Les Actes des Apôtres rapportent que, après
l’Ascension du Christ, les Apôtres sont descendus du Mont des Oliviers pour se
rendre au Cénacle, où ils ont attendu la venue du Saint-Esprit dans la prière,
« avec quelques femmes, dont Marie, la Mère de Jésus » (Ac 1, 14). C’est
la dernière fois que Marie et nommée dans les écrits canoniques. Quelle fut la
fin de sa vie terrestre ?
De
nombreux textes sont apparus pour suppléer au silence des écrits canoniques à
ce sujet, et dans la tradition grecque, la question du sort final de la Mère de
Dieu a pris une place importante tant dans le domaine de la dogmatique que dans
celui de la liturgie.
Cinq
de ces textes sont présentés ici en traduction française. Tous représentent les
phases les plus anciennes de la tradition sur la dormition et l’assomption de
la Mère de Dieu dans le monde de langue grecque. Il s’agit des documents
suivants : a) la Dormition grecque du Pseudo-Jean ; b) le Transitus grec ; c) le Discours sur
la Dormition de la Sainte Vierge de Jean de Thessalonique ; d) l’Épitomé du discours sur la dormition de
la sainte Vierge de Jean de Thessalonique ; e) l’Homélie sur l’assomption
de Marie attribuée à Theoteknos de Livias.
Ces
écrits ont un plan presque identique et l’on y retrouve les éléments
suivants : 1) annonce à Marie, par un ange, de sa dormition ; 2) les
apôtres, dispersés sur toute la terre, sont amenés sur des nuées auprès de la
Mère de Dieu pour assister à ses fins dernières ; 3) départ de l’âme de
Marie au Ciel à la suite de l’apparition du Christ ; 4) lors des obsèques,
un juif incrédule tente de toucher sans respect le corps de la Mère de
Dieu ; il a les mains desséchées et est guéri par un miracle après sa
conversion à la foi chrétienne ; 5) déposition du corps de la mère de Dieu
au tombeau et transfert au ciel ; 6) visite du Paradis par les Apôtres.
Les
œuvres présentées ici, qui fixent sans aucun doute une tradition orale,
remontent à la seconde moitié du ve
siècle pour la plus ancienne (a) et à la première moitié du viie
siècle pour les plus récentes (b, c, d, e). Elles précèdent et inspirent, pour
la plupart, les grandes trilogies homilétiques sur le thème de la Dormition qui
sont l’œuvre de saint André de Crète (v. 660-740), saint Jean Damascène (v.

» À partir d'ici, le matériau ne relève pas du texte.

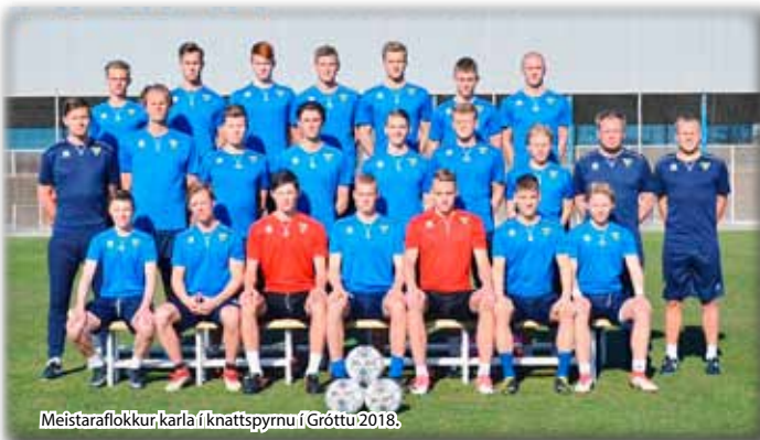
Meistaraflokkur karla í knattspyrnu í Gróttu 2018.

650-750) et saint Germain de Constantinople (v. 631-733).
Ces
cinq documents proviennent de lieux différents : Jérusalem, la Palestine,
Thessalonique et Constantinople. Ils appartiennent au genre homilétique dans la
mesure où ils ont été écrits pour servir à une lecture dans un cadre
liturgique. Ils ont été classés par les savants modernes soit dans la catégorie
« apocryphe », à cause de leur caractère pseudoépigraphique (a, b),
soit dans la catégorie « patristique », à cause de leur attribution à
un auteur plus ou moins connu (c, d, e).
Les
lecteurs orthodoxes trouveront dans ces récits bon nombre d’éléments qui leur
sont déjà familiers de par l’iconographie de la Dormition et de par leur large
intégration dans les services liturgiques de la fête qui, le 15 août (le 28
selon l’ancien calendrier), célèbre cet événement.
On
sait que la question de la dormition et de l’assomption constituent l’un des
points sur lesquels l’Église orthodoxe et l’Église catholique s’opposent. On doit parler ici de
différend dogmatique, puisque l’Assomption a fait l’objet de la part de l’Église
catholique d’une définition dogmatique par le pape Pie XII, en 1950, dans la
constitution apostolique Munificentissimus
Deus. Comme l’ont montré diverses études, en particulier l’ouvrage récent
du dominicain Dominique Cerbelaud, professeur de théologie à l’université
catholique de Lyon (Marie. Un parcours
dogmatique, Éditions du Cerf, Paris, 2003, 364 p., collection
« Cogitatio Fidei »), il y a un lien étroit entre ce dogme de
l’Assomption, et le dogme de l’Immaculée Conception proclamé en 1854 par le pape
Pie IX dans la bulle Ineffabilis Deus.
Cette
dernière définition de foi considère que Marie a été à sa naissance exempte du
péché originel, ce qui implique que, à la différence de tous les autres hommes,
elle a échappé aux effets de ce péché, dont le plus important est la
mort ; Marie est donc montée aux Cieux à la fin de sa vie terrestre avec
son âme et son corps sans passer par la
mort. Dans son étude précédemment citée, le P. Dominique Cerbelaud montre
que ce dogme, très étroitement liée à la doctrine du péché originel dans sa
forme catholique (très étroitement liée à la doctrine augustinienne) est une
innovation et qu’il fut imposé par l’autorité du pape malgré une forte
opposition au sein même de l’Église catholique. « Promulguée en 1854, écrit-il,
la définition du dogme de l’Immaculée Conception (selon lequel Marie, dès
l’instant de sa conception a été préservée de toute trace du péché originel)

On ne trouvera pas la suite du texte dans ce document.